··· Supplied material
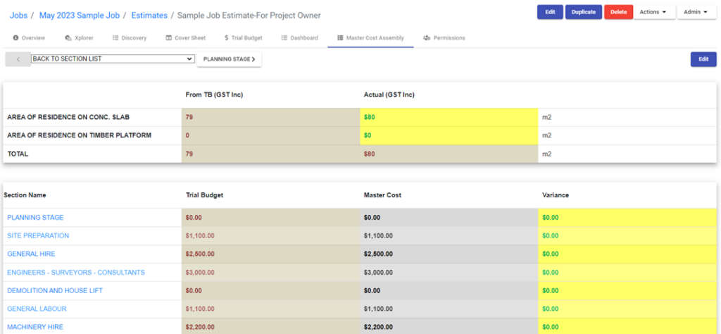 When you have completed a Discovery, you can view the Master Cost Assembly and go over the cost allocations to each Trade Area to assess the costs. This is how you can do a final check of the Discovery before presenting to the Project Owner, ensuring that you are satisfied with the costs and the overall estimate outcome.
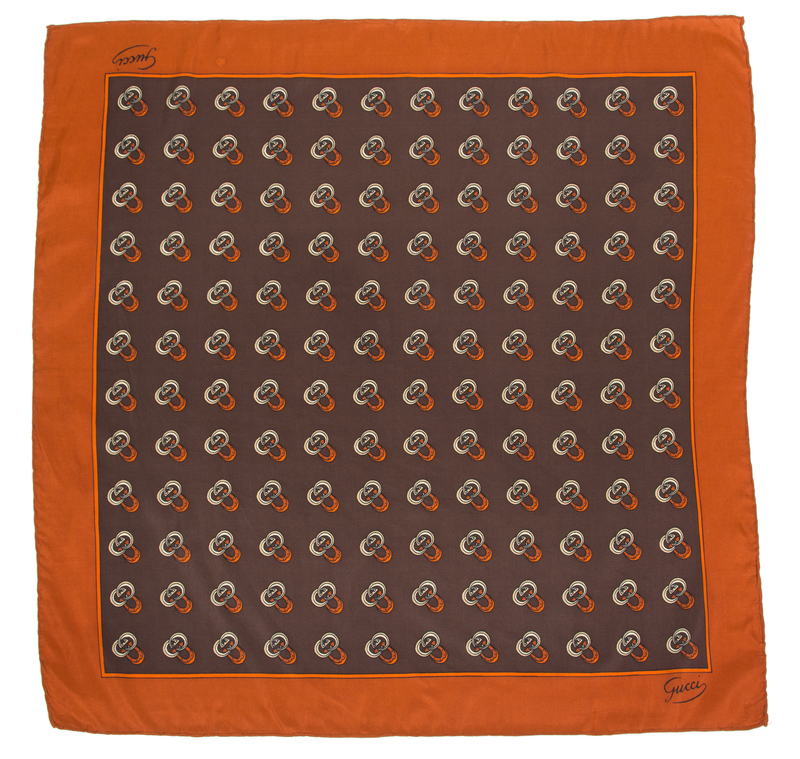the first: navy with a logo motifthe second: rust and brown with a horseshoe motif Each labeled within the print: Gucci.
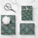 Wrapping paper sheets, blue and green set of 3
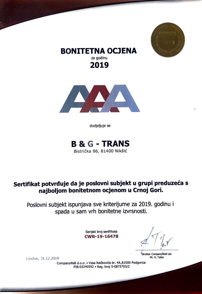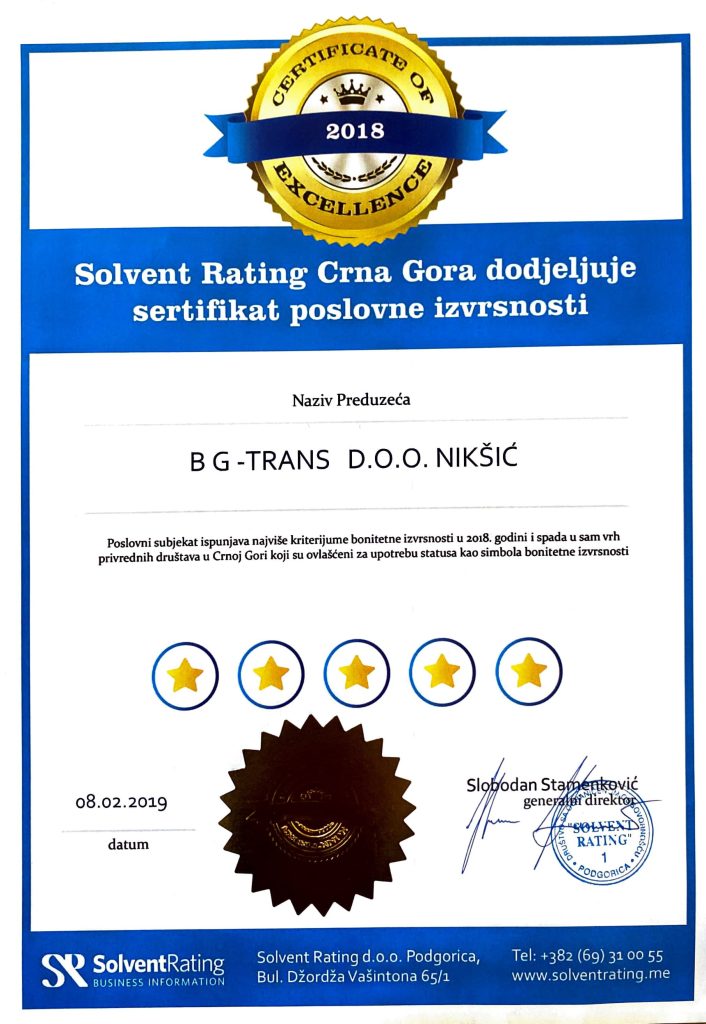 - SOLVENT RATING 2018 godine - COMPANY WALL (AAA bonitetna ocjena) 2019. godine
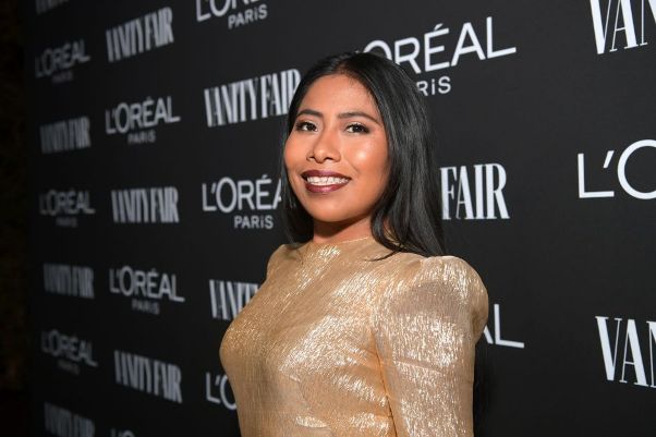 A la alfombre roja llegaron cientos de estrellas, pero sin duda Yalitza Aparicio se robó las miradas con uno de los mejores looks que ha sacado. La intérprete de ‘Roma‘ lució para la ocasión un vestido dorado con hombros abullonados, mangas a tres cuartos y holanes, sin escote.
······
■ Exercise directions
Would you set down, word for word, the lines running from the one that contains "Wrapping paper sheets, blue" to the last line of the material, omitting all pictures?

■ Completed task
 Wrapping paper sheets, blue and green set of 3
 - SOLVENT RATING 2018 godine - COMPANY WALL (AAA bonitetna ocjena) 2019. godine
 A la alfombre roja llegaron cientos de estrellas, pero sin duda Yalitza Aparicio se robó las miradas con uno de los mejores looks que ha sacado. La intérprete de ‘Roma‘ lució para la ocasión un vestido dorado con hombros abullonados, mangas a tres cuartos y holanes, sin escote.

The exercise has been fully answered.